Cross-Validation

Allows us to compare different ML methods! When working with a dataset for training a learner:

  • Naive Idea → Use all data
  • Better Idea → Use x percent for training and y percent for testing

the issue is how do we know that the selection is good ? The lord answers through K-Fold Cross Validation → split data into K blocks → For each K-block train the data on the rest of the K-1 blocks and test it on K block and log the metric → Average out the performance and use this for comparison

  • Leave one out cv → us each sample as a block

Confusion Matrix

Plot the Predicted Positives and Negatives vs, Ground truths :

NOTE:

  • The diagonal always shows the True values
  • The non-diagonal elements ar always false

The major Metrics are:

  • Sensitivity → Positive Labels correctly predicted : \(\frac{TP}{TP + TN }\)
  • Specificity → Negative Labels Correctly predicted : \(\frac{TN}{TN + FN}\)

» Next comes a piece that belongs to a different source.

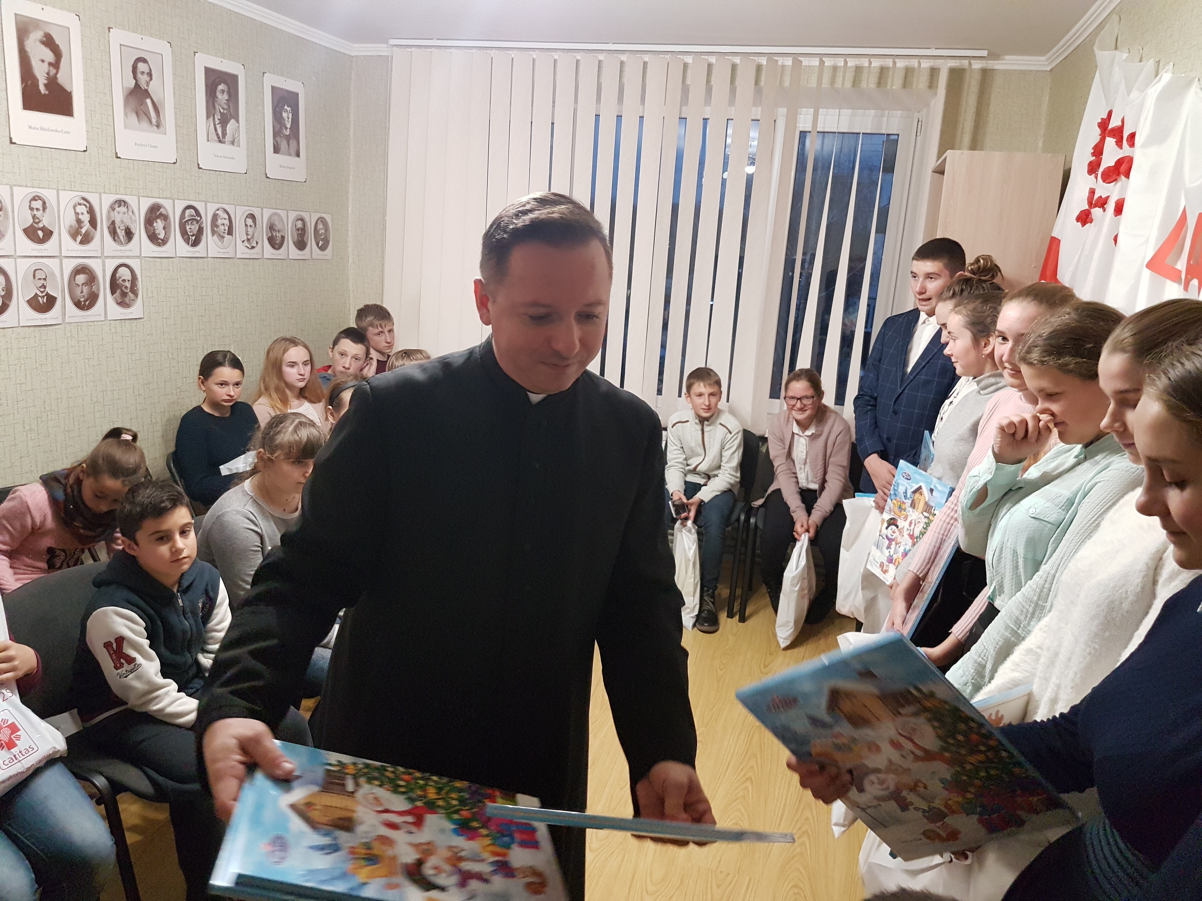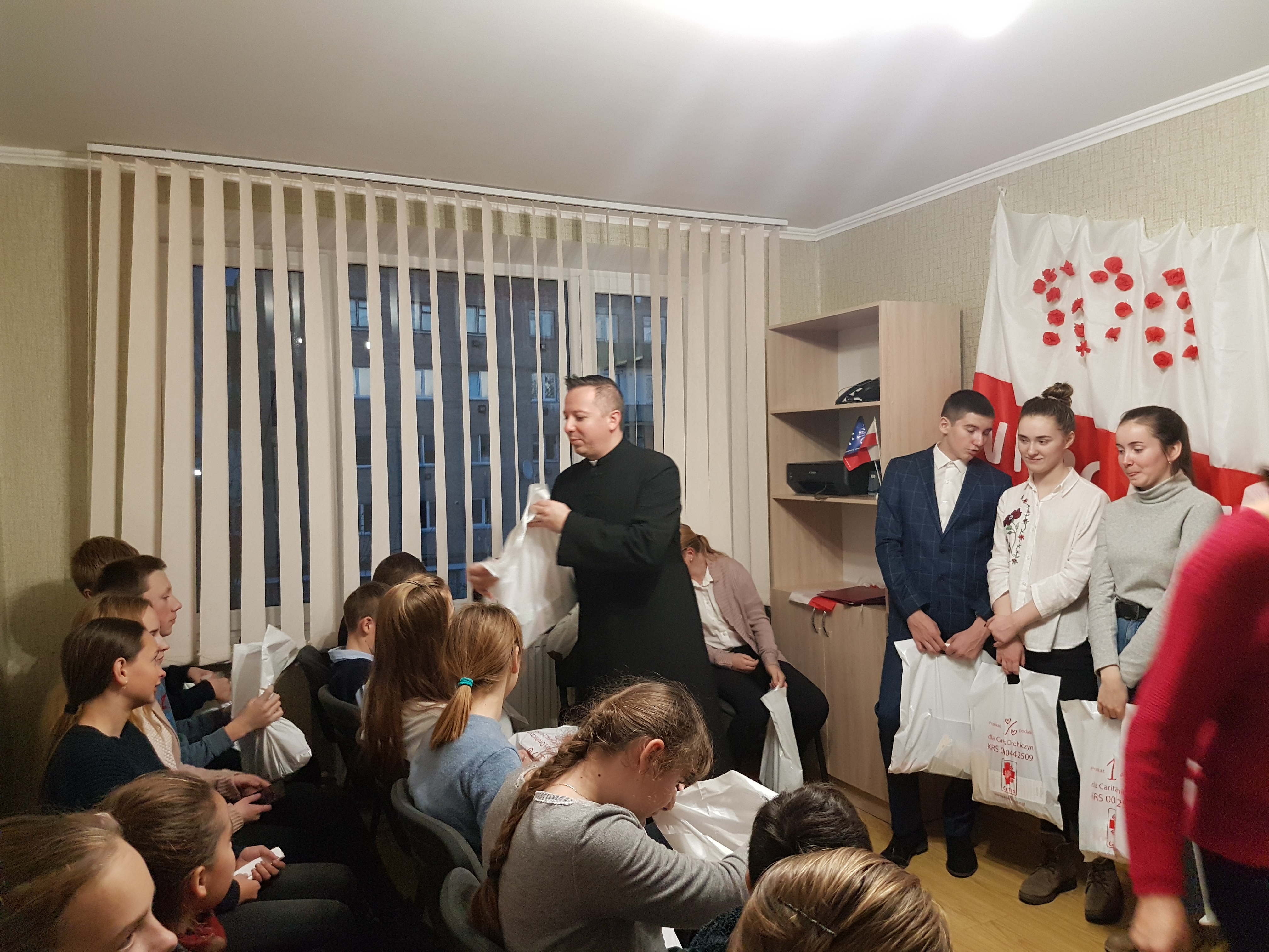 Wokół tego domu skupieni są Polacy, którzy z daleka od Ojczyzny, bardzo często żyją w ciężkich warunkach i znikąd nie mają pomocy. Dzieci z tej wspólnoty korzystają z nauki języka polskiego, które prowadzi Honorata Mięsak – nauczycielka z Drohiczyna, od lat związana z pomocą Polakom na Wschodzie. Poświęcając swój czas wychowuje i zaszczepia w najmłodszych miłość do Boga i Polski. Wizyta była doskonałą okazją, aby uczcić 100-lecie odzyskania przez Polską niepodległości. Dzieci pod kierunkiem Pani Honoraty przygotowały przepiękne wiersze, teksty i pieśni patriotyczne. Wzruszające było ogromne zaangażowanie dzieci w jak najpiękniejsze przedstawienie programu artystycznego. Łzy radości i duma towarzyszyły wspólnemu odśpiewaniu Hymnu polskiego na ukraińskiej ziemi w polskiej szkole.

Let’s say we test out logistic regression against Random Forests to classify patients with and without heart disease. Then the algorithm with the higher sensitivity should be chosen if our target is to classify patients with heart disease, while the algorithm with higher specificity should be chosen if we want to classify patients without heart disease

What about Non-binary classification

Calculate these values for each label by treating the values as Label and !label. For if we have three labels, we take the true positives as all the classifications done for label i and the TN as all the misclassifications done for label i → This means that if the data actually belonged to the other classes and was still classified as belonging to i, then it is a False Positive. Similarly, we take True Negative as all the classifications done on all other classes except out current label and the false negatives as the classifications. Let’s take the following example:

Here, for The class Cat, we get :

  • Sensitivity \(= 5/(5 + 3 + 0) = 5/8 = 0.625\)
  • Specificity \(= (3 + 2 + 1 + 11)/(3 + 2 + 1 + 11 + 2 ) = 17/19 = 0.894\)

Other major metrics are:

  • Accuracy → \((TP+TN)/total = (100+50)/165 = 0.91\)
  • Misclassification Rate → \((FP+FN)/total = (10+5)/165 = 0.09\) = 1 - accuracy
  • Precision → \(TP/predicted yes = 100/110 = 0.91\)
  • TP Rate → \(TP/yes = 100/105 = 0.95\)
  • FP Rate → \(FP/No = 10/60 = 0.17\)

The idea is to strike a balance between things and get hang of how our classifier is actually performing!

Bias and Variance

  • Bias → The inability for an algorithm to capture the true relationship in the data. Formally, it is the inherent error that we obtain from the model even with infinite training data due to the classifier being biased to a particular solution
  • Variance → Difference in fits between the training and the testing data, i.e the error caused from sensitivity to fluctuations in the training set

High bias means the learned model is simpler and might not fit the training data very well and when it does not perform so well on the test set → Underfitting. High variance means that the learned model is has a better fit to the training set but does not perform so well on the test set → Overfitting

  • What is happening is that the training set can be viewed essentially as a the true relationship curve plus some noise that scatters the data around the curve. This is the same for training and test sets. now, if our model fits so well to the training set that it is able to exactly pass through each data point, it has actually fitted to the the noise that scattered the data from the actual signal. Thus, is has so much variability that it won’t perform good on other datasets which might inherently be sampled from the same curve with some random noise that scatters the data a bit differently. This is why the model has over-fitted to the training set by adapting to the noise.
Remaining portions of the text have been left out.